March 9, 2008
Angela Mitropoulos's Notes on the Frontiers and Borders of the Postcolony in the 2007 Sara Reader--Frontiers is concerned with John Howard's declaration of a de facto state of emergency over remote indigenous communities in the Northern Territory. This was justified by the protection of children from abuse – or, more specifically, the release of the report by the Board of Inquiry into the Protection of Aboriginal Children from Sexual Abuse in the Northern Territory. Mitropoulos asks a good question:
The obvious question being posed here is why, after cutting health and welfare services to indigenous communities, it has required a paramilitary intervention to, purportedly, ensure the health and welfare of those same communities.

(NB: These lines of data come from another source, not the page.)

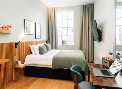 Haslem’s bedrooms come in three main sizes – Snug, Comfy and Roomy. No matter which size you go for, they all include the same great features, from refreshing rain showers to super-comfy beds and smart TVs. Staying a little longer? Haslem’s apartments are the perfect home away from home with king-size beds, super-fast WiFi, extra chill-out space and kitchen facilities.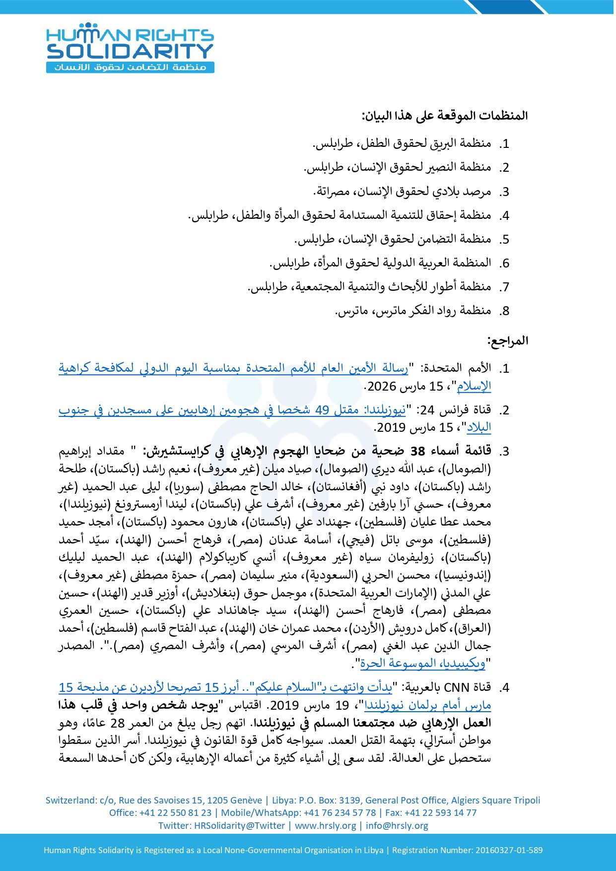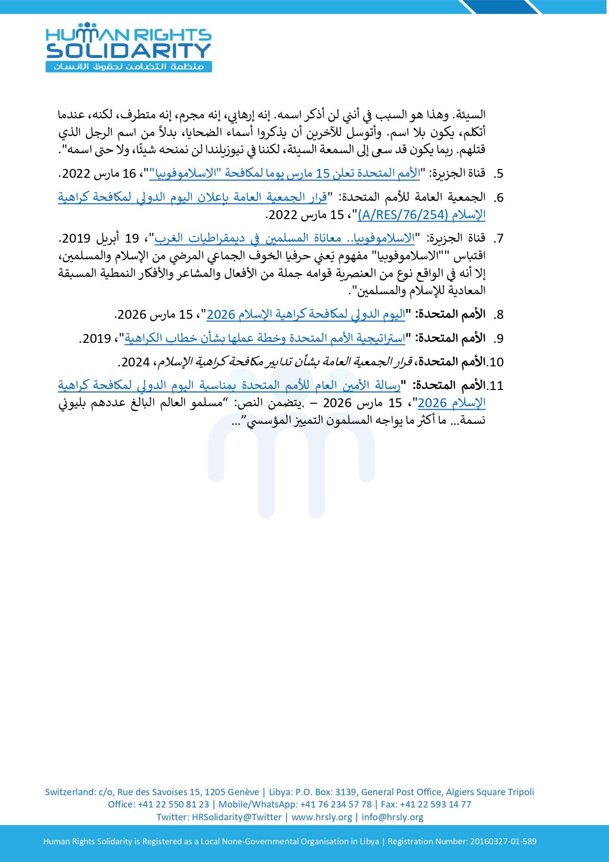 - الأمم المتحدة: “رسالة الأمين العام للأمم المتحدة بمناسبة اليوم الدولي لمكافحة كراهية الإسلام“، 15 مارس 2026.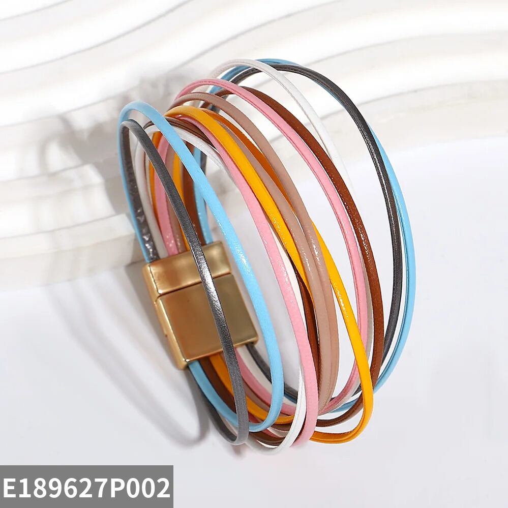 ファッション カラフル 虹 レインボー レザー ブレスレット レディース シンプル 多層 マルチレイヤー スリム ストリップ ラップ パーティ ジュエリー ギフト

She links the state of emergency in Northern Territory to events with the events around the Tampa-- the military seizure and interdiction in 2001, by the Australian government, of the Norwegian freighter that had rescued over 300 undocumented migrants from drowning, and states that:
In both these instances, what have been ongoing and widely-reported occurrences (undocumented boat arrivals and child abuse) were reconstructed as singularly alarming events providing the pretext for authoritarian displays of sovereignty – that is, declarations of an exceptional situation demanding, without question, the suspension of the normal functioning of the law so as to restore the presumed integrity of the Australian body politic.
She analysises this from the perspective of the distinction between frontier spaces and bordered realms which she corelates with the distinction – in Social Contract theories – between the 'state of nature' and 'society' that, in turn, are the ideal-typical placeholders for the 'West' and the colonies.